MaplePitch Logo

Carlos Queiroz Names 28-Man Squad for Ghana's World Cup Preparation

The World Cup countdown has started for the Black Stars, and Carlos Queiroz has made his first big move. The head coach has named a 28-man squad for Ghana’s preparation camp and the high-profile friendly against Wales in Cardiff, a camp that will double as an audition for places on the plane to North America.

The group is loaded: five goalkeepers, nine defenders, seven midfielders and seven forwards. Enough bodies to test ideas, enough quality to sharpen edges.

Camp opened on Monday, May 25, 2026, with the squad settling into Dragon Park in Cardiff. The work begins there, behind closed doors, before the lights come on at the Cardiff City Stadium on Tuesday, June 2, when Wales provide the first serious examination of Queiroz’s plans.

Familiar Faces Return

The headline name on the list is Baba Abdul Rahman. The Greece-based defender is back in the national team picture for the first time since September 2023. He hasn’t slipped in through sentiment. He’s forced the door open.

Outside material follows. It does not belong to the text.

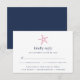 A placa RSVP do estilo litorâneo simples e elegante apresenta a data de resposta desejada e o texto de aceitação/declínio personalizado em azul marinho, seguido de uma ilustração de estrela-estrela da safra do solteiro em rosa vibrante. Convide os hóspedes a indicar a sua preferência completa ao longo da base e adicione as suas opções de refeições personalizadas.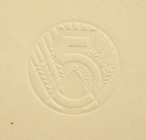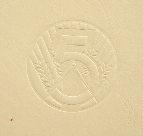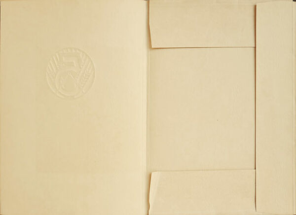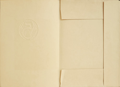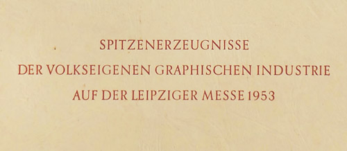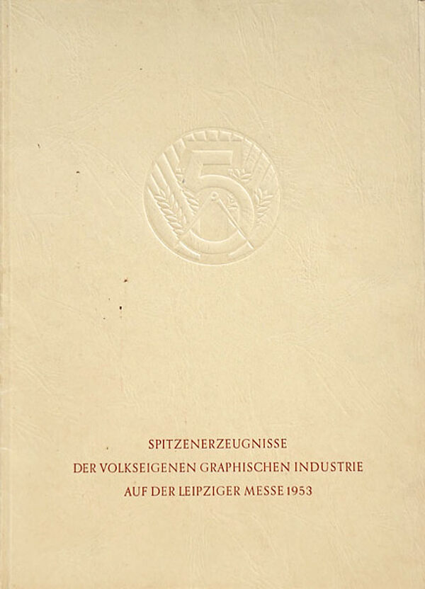 Klappmappe aus chamoistonigem, dünnem Karton, der vorderseitig das eingeprägte Emblem zum 5-Jahres-Plan der DDR und im unteren Drittel in weinroter Farbgebung den Aufdruck "SPITZENERZEUGNISSE DER VOLKSEIGENEN GRAPHISCHEN INDUSTRIE AUF DER LEIPZIGER MESSE 1953" trägt. Maße (zugeklappt) ca. 29,8 x 21,8 cm, geringe Altersspuren.

Rahman has put together a strong season with PAOK, clocking 35 appearances, three goals and three assists across all competitions. For a former Chelsea left back who has ridden the highs and lows of European football, this recall feels like a reward for persistence as much as form.

On the opposite flank of the pitch, another comeback story. Ernest Nuamah, the Olympique Lyon winger, returns after almost a year out. An anterior cruciate ligament injury robbed him of more than 12 months of football and halted his rise just as it was gathering speed. Now he is back to full fitness, back in the squad, and back in contention at exactly the moment Ghana need attacking variety.

The list of returnees does not stop there. Abdul Mumin of Rayo Vallecano is also included after his own long layoff with an ACL injury. Saint-Étienne midfielder Augustine Boakye is recalled, bringing energy and drive from the middle of the park, while Stade Rennes defender Alidu Seidu re-enters the frame to stiffen the defensive options.

These are not cosmetic changes. They reshape the spine and widen the choices at both ends of the pitch.

A Look to the Future

Amid the familiar names, one selection points clearly to the future. Ajax Amsterdam youngster Paul Reverson has been handed a call-up at just 20 years old.

Reverson has impressed for Ajax’s youth side in the Netherlands, and Queiroz has moved early. This is not a token invitation. The coaching staff want a closer look, with a long-term view. Cardiff will be his classroom, the senior squad his first taste of the standards required at this level.

Wales First, World Stage Next

The entire squad will assemble in Cardiff on Monday, May 25, 2026, using the Welsh capital as a launchpad for a year that could redefine this group.

The friendly against Wales is more than a warm-up. It is a measuring stick. A chance to test combinations, to see how Rahman slots back in, how Nuamah’s sharpness holds up, how the returning defenders cope under pressure, and whether a youngster like Reverson can handle the tempo.

All of it feeds into the bigger picture: the 2026 FIFA World Cup in Canada, Mexico and the United States.

Ghana’s path is already mapped out. The Black Stars open their Group L campaign against Panama in Toronto. Then come the heavyweight clashes: England in Boston, Croatia in Philadelphia. Three cities, three very different tests, one unforgiving group.

Every sprint at Dragon Park, every touch against Wales, carries that backdrop. Queiroz now has his 28 for camp. The question is simple and sharp: which of them will convince him they belong on the world’s biggest stage when Ghana walk out in Toronto?